Now they tell us

From today’s release of the Fiscal Monitor, updating federal finances to August, or five months into the fiscal year:

There was a budgetary deficit of $1.7 billion in August 2008, compared to a deficit of $0.1 billion in August 2007. …For the first five months of the 2008–09 fiscal year, the budgetary surplus is estimated at $1.2 billion, down $5.5 billion from the $6.6-billion surplus reported in the same period of 2007–08.

You heard it here first, back in January, with Flaherty’s dismissive response. With seven months to go in the fiscal year, I’m betting that razor thin surplus will become a deficit, as predicted, at least under status quo conditions.
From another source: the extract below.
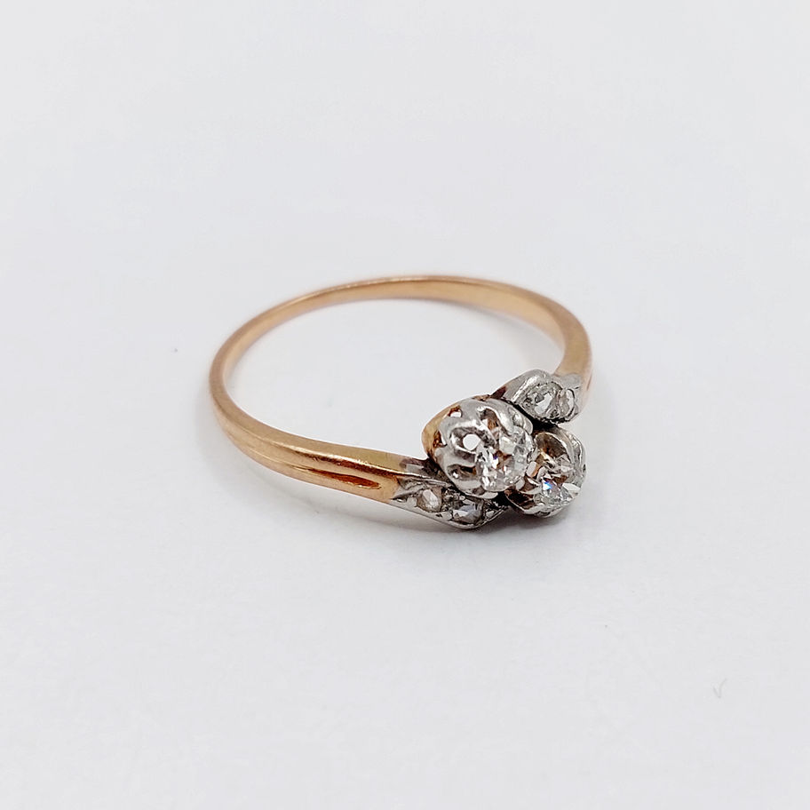 Bague toi et moi antique or rose 18k diamants taille ancienne (circa 1900)

The coming November Economic and Fiscal Update will be an important marker of how the government plans to handle fiscal policy as the economy heads south.

Update (Oct. 29): Buried in this Globe story is the line:

Finance Minister Jim Flaherty says Ottawa is on track for a balanced budget this year, but isn’t ruling out future deficits.

No actual quote attributed to Flaherty, but if true, a major flip-flop for the good – a story in itself. This one about a coming First Ministers meeting on Nov 10, and pressure from the provinces for the feds not to cut their transfer payments.

Most of what the federal government does is transfer money around. If transfers to the provinces are not cut, and Flaherty needed to cut spending overall to balance the budget, it would have to look at payments to individuals – that is, seniors’ benefits, children’s benefits and unemployment insurance, and what minority government would want to dump on seniors, kids and the unemployed in the midst of a recession?

Updated update (Oct. 29): Another Globe update on Flaherty’s speech today:

Finance minister Jim Flaherty said today that it would be “misguided” to try to balance the books under any circumstances.

“We will do what we can, despite the challenging economic circumstances, to keep the budget balanced. What we will never do is to engineer a surplus at any price,” Mr. Flaherty said.

“Ottawa will tighten its belt, he added. “Departments will have what they need to finance essential programs but no more.”

Equalization programs with the provinces will have to grow more slowly, he said.